However, that sense of detachment seemed to permeate everything in her life these days. She didn't know what she wanted to do with her life, but she felt no motivation to figure it out. She wanted to love and be loved by someone—Ricky? Jupiter? Someone she had yet to meet, some future man of her dreams? Or someone from her past? What about Jackson who had begged her to go out with him throughout their whole senior year, who kept in touch even now, claiming he loved her and wanted to take care of her? Of all people, Jackson Plains could do just that. He came from money, and even though he was off at college getting his business degree so he could one day step into his dad's big shiny shoes, she knew she had but to say the word, and he'd rearrange his world to make a place in it for her. Why couldn't she let herself love someone like Jackson?

And what about Ricky? He was her best friend. He was the brother she never had. He was her comforter, her companion, her trouble-maker twin, her conscience. They were already practically one person in so many ways, and she loved him to the point of obsession. But did she love him only like a brother? A friend? Or did she love him the way she would a husband? A lover?

Well, yes. Yes to all of the above. And that's what made it so confusing and frightening. How could she love someone like a brother and want him to also be her boyfriend? Where was the line between platonic and romantic, or even carnal love? It freaked her out to think about kissing Ricky, about his lips on hers, his tongue in her mouth, his hands caressing her, his body hard against hers... and yet she longed for it, too. And that made her feel guilty, partly because he was her buddy, her pal, Rickaroni Baloney Thomas Zander she was thinking of in such a way.

And yet, still, she ached for it. Listening to her friends carry on about the guys they dated, about making out, about sex. Gia wasn't only the last virgin she knew, she was also the only girl she knew who hadn't even had a real open-mouth kiss before. She was a full grown legal adult, for Pete's sake, and she hadn't even been to first base with a guy. Did that make her a freak?

What she really longed for was a mother to talk to. For Simone to sit beside her on her bed and help her sort through these feelings. She couldn't ask Granny G to help her. As much as Gia loved and respected her, the woman was almost four times her age and when she and Gramps had met, things had been different. They'd known each other six months before they married. Six months! They hadn't witnessed each other’s ups and downs of adolescence and puberty. They'd never had to sort out their conflicting feelings about each other. They'd met, fallen in love, and agreed they couldn't live without each other. She couldn't talk to Phoebe, either; there wasn't a maternal bone in Phoebe's body. Well, at least there hadn't been until recently. And although the heartbreaking story of Phoebe's daughter had been exposed and her sister had begun the process of freeing herself from the pain of that person she'd been, it was still too early to lean on Phoebe as a mother figure. Juliette, as soft and gentle and loving as she was, wouldn't be any good to talk to either. She'd never understood why Gia and Ricky had stayed 'just friends' all this time. "He's perfect for you in every way, Gia, and I can see how much you both love each other. I don't get it. Why is nothing happening between you?" But since Gia couldn't explain it herself, it would do no good to confide in Juliette who seemed to have the same questions she did. And Ren? No. Just no. Not because she didn't trust her, but because Ren would over-analyze the whole thing, come up with some insane intervention plan, and the whole thing would backfire, and without a doubt, someone would lose an eye. At the very least, someone's heart would end up broken.

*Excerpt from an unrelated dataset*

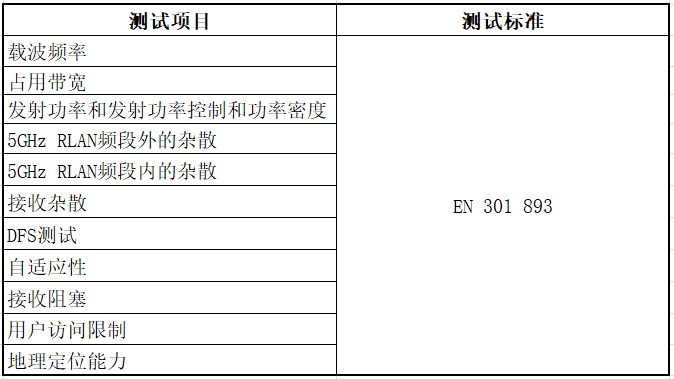 測試項目與标準

Her friends from high school? As much as she'd believed they'd be forever friends and closer than sisters, in the time since graduation, she felt the separation that came from everyone taking different paths. There wasn't one of them who could relate to what she was dealing with—they knew Ricky in the same context she did, and she really needed a fresh perspective.

So what about Jupiter? Maybe she should see where things went with him. Not that she really believed he was interested in her. Sure, he flirted and teased and touched her in ways that made it seem like he was attracted to her, but everything about him felt polished, like he'd had a lot of practice at playing the Casanova.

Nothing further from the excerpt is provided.